- YOUR ASSIGNMENT
Output the entries in full and verbatim, pictures omitted.

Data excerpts
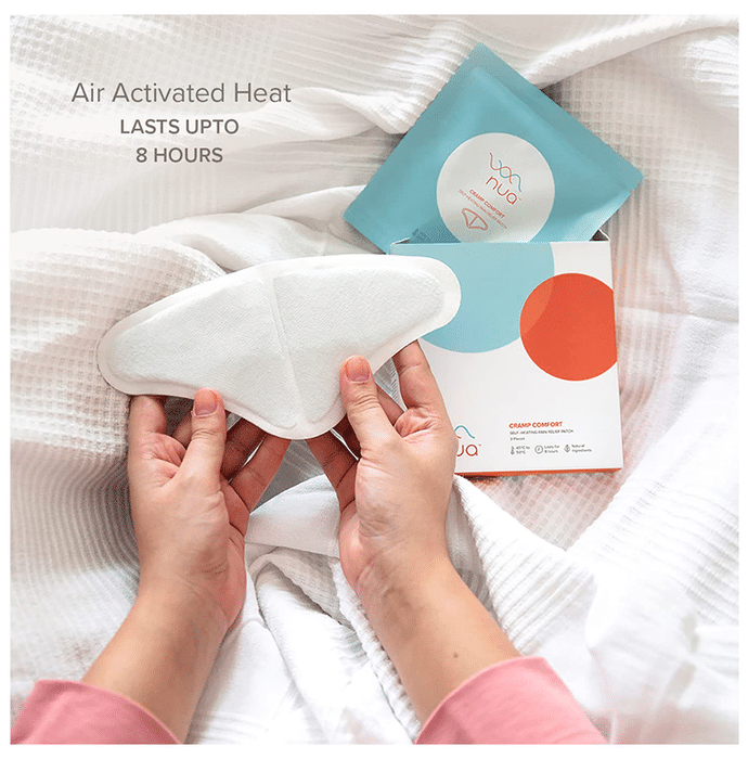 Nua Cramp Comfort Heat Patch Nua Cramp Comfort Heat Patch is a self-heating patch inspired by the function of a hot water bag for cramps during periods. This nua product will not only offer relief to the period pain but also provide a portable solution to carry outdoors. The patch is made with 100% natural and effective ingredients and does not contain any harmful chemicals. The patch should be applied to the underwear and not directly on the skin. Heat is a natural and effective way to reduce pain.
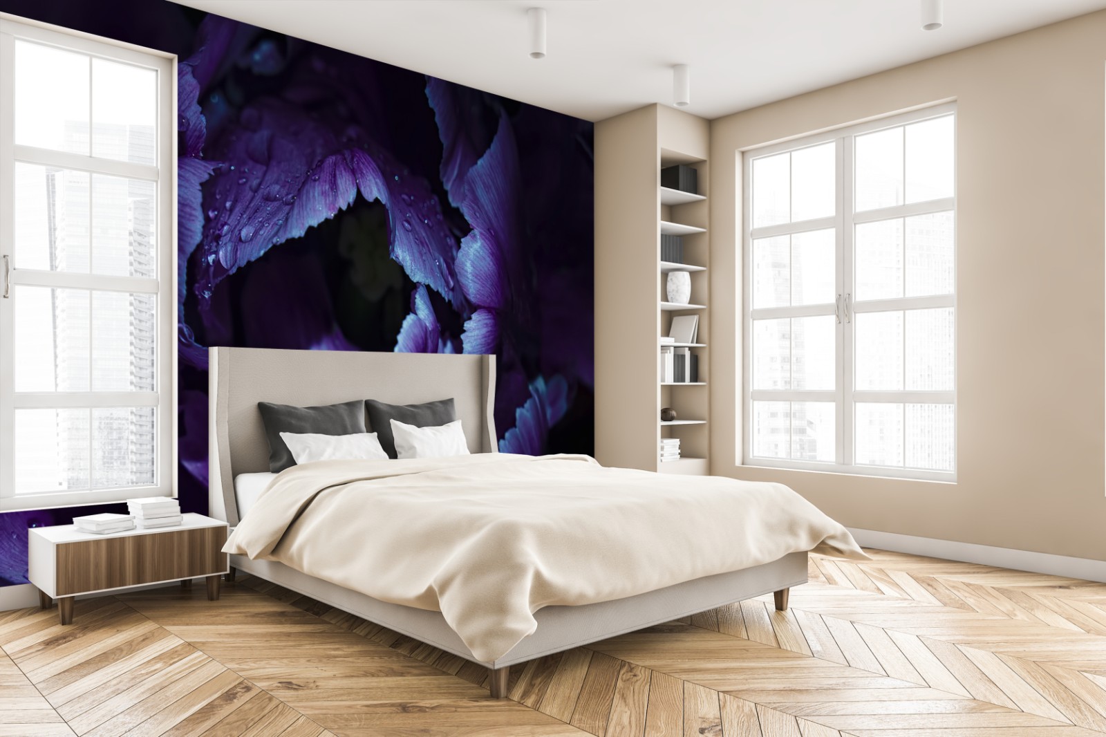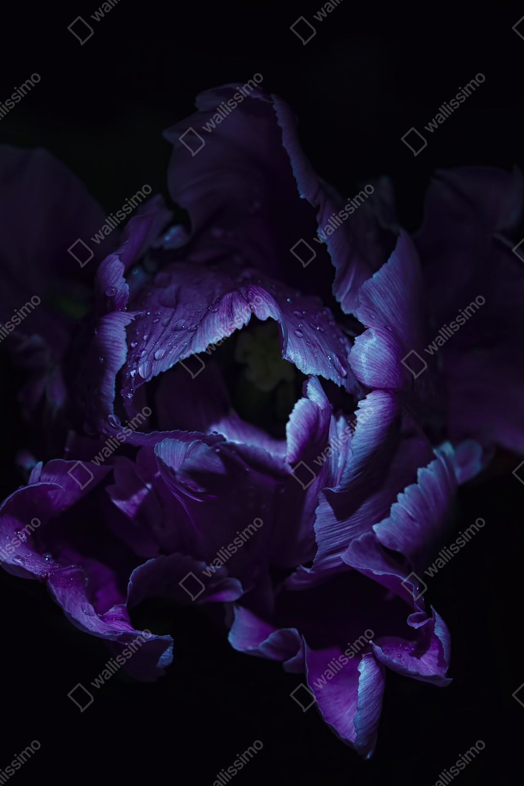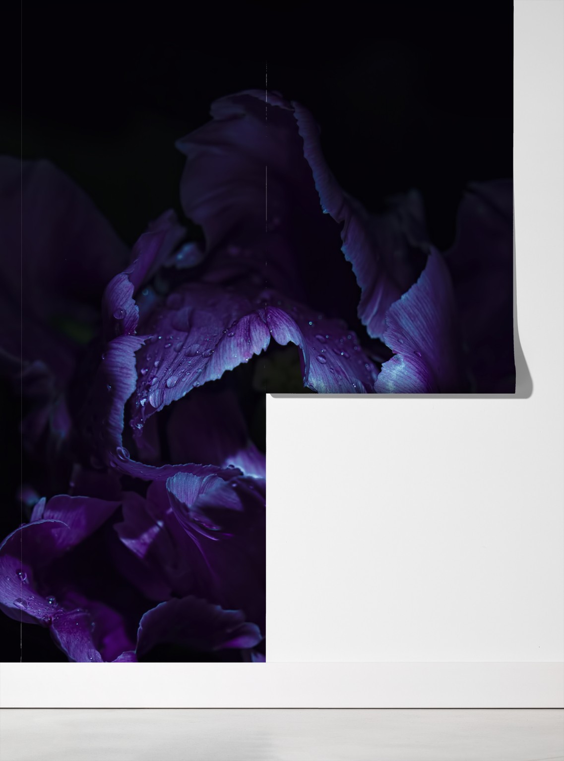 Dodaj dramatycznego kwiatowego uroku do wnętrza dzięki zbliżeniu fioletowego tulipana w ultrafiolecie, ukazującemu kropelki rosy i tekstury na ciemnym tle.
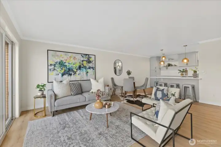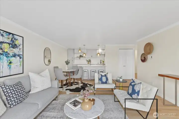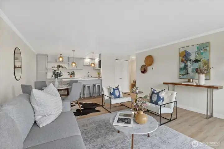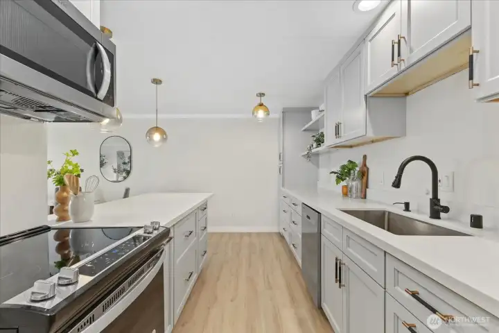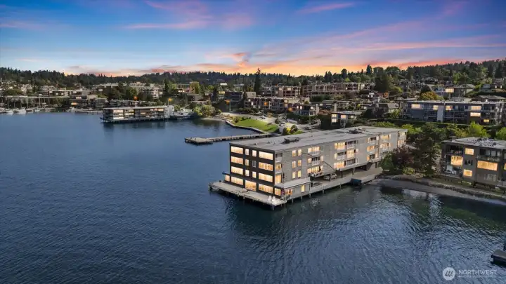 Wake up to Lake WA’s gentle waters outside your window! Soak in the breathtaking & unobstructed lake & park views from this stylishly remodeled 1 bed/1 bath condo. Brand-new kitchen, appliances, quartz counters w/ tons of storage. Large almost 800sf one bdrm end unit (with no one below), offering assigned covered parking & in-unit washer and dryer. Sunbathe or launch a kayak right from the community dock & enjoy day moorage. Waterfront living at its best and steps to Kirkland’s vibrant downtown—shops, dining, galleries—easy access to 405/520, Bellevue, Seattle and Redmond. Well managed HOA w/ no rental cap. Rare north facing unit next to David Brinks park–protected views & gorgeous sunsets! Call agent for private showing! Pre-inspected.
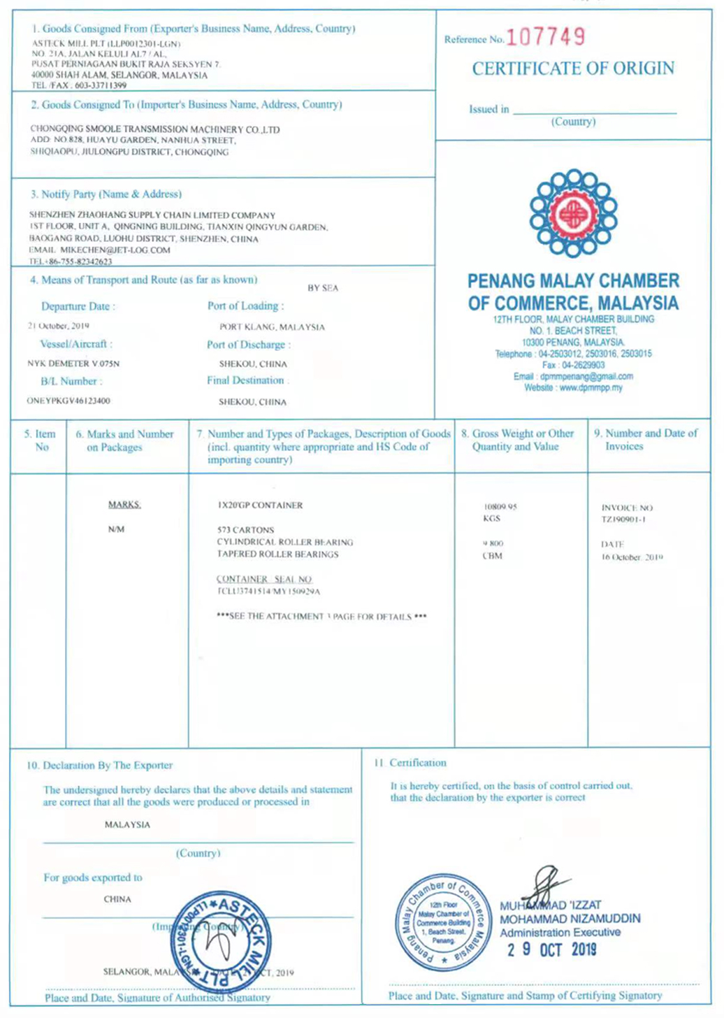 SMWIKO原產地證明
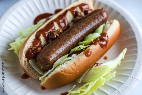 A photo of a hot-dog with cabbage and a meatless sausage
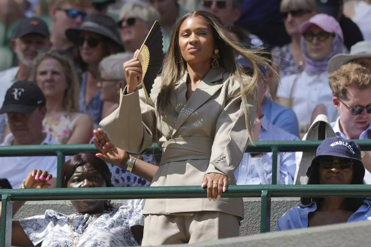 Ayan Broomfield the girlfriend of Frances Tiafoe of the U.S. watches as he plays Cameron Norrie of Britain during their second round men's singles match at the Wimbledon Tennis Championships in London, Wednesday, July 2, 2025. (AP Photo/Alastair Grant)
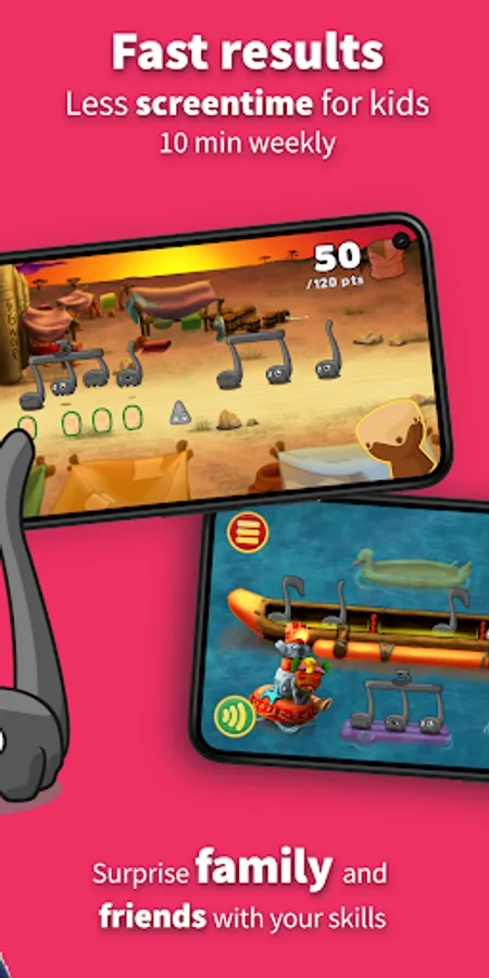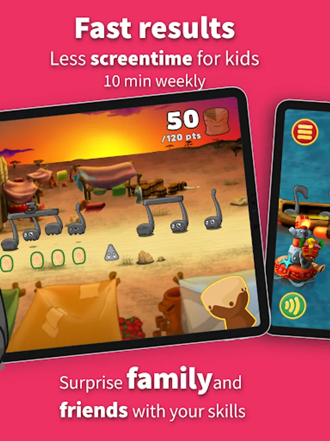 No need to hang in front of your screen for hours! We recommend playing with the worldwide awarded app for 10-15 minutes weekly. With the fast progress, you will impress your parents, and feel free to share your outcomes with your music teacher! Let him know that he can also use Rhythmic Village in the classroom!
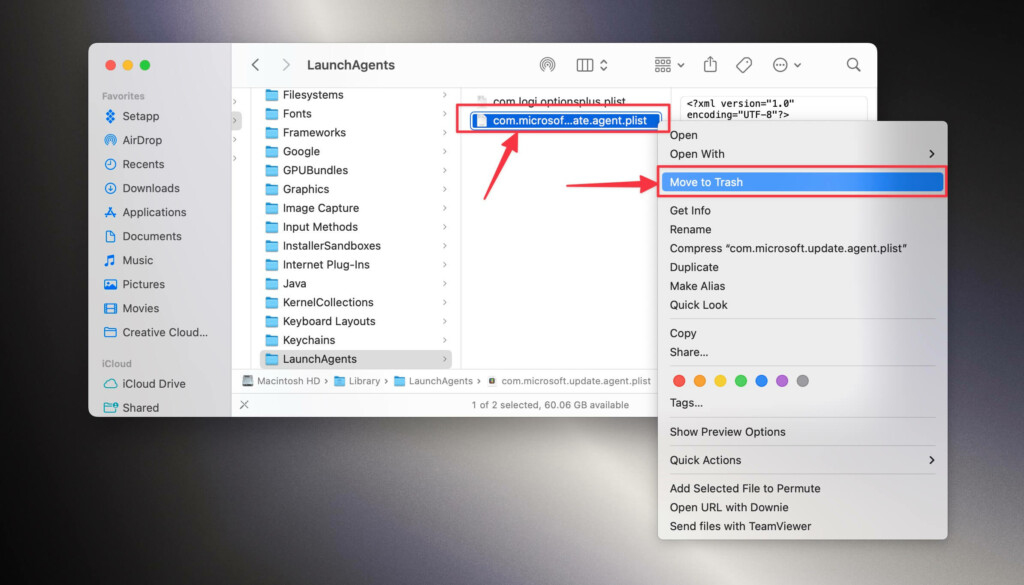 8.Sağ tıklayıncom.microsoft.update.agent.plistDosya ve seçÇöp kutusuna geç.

- SOLVED EXERCISE
 Nua Cramp Comfort Heat Patch Nua Cramp Comfort Heat Patch is a self-heating patch inspired by the function of a hot water bag for cramps during periods. This nua product will not only offer relief to the period pain but also provide a portable solution to carry outdoors. The patch is made with 100% natural and effective ingredients and does not contain any harmful chemicals. The patch should be applied to the underwear and not directly on the skin. Heat is a natural and effective way to reduce pain.
 Dodaj dramatycznego kwiatowego uroku do wnętrza dzięki zbliżeniu fioletowego tulipana w ultrafiolecie, ukazującemu kropelki rosy i tekstury na ciemnym tle.
 Wake up to Lake WA’s gentle waters outside your window! Soak in the breathtaking & unobstructed lake & park views from this stylishly remodeled 1 bed/1 bath condo. Brand-new kitchen, appliances, quartz counters w/ tons of storage. Large almost 800sf one bdrm end unit (with no one below), offering assigned covered parking & in-unit washer and dryer. Sunbathe or launch a kayak right from the community dock & enjoy day moorage. Waterfront living at its best and steps to Kirkland’s vibrant downtown—shops, dining, galleries—easy access to 405/520, Bellevue, Seattle and Redmond. Well managed HOA w/ no rental cap. Rare north facing unit next to David Brinks park–protected views & gorgeous sunsets! Call agent for private showing! Pre-inspected.
 SMWIKO原產地證明
 A photo of a hot-dog with cabbage and a meatless sausage
 Ayan Broomfield the girlfriend of Frances Tiafoe of the U.S. watches as he plays Cameron Norrie of Britain during their second round men's singles match at the Wimbledon Tennis Championships in London, Wednesday, July 2, 2025. (AP Photo/Alastair Grant)
 No need to hang in front of your screen for hours! We recommend playing with the worldwide awarded app for 10-15 minutes weekly. With the fast progress, you will impress your parents, and feel free to share your outcomes with your music teacher! Let him know that he can also use Rhythmic Village in the classroom!
 8.Sağ tıklayıncom.microsoft.update.agent.plistDosya ve seçÇöp kutusuna geç.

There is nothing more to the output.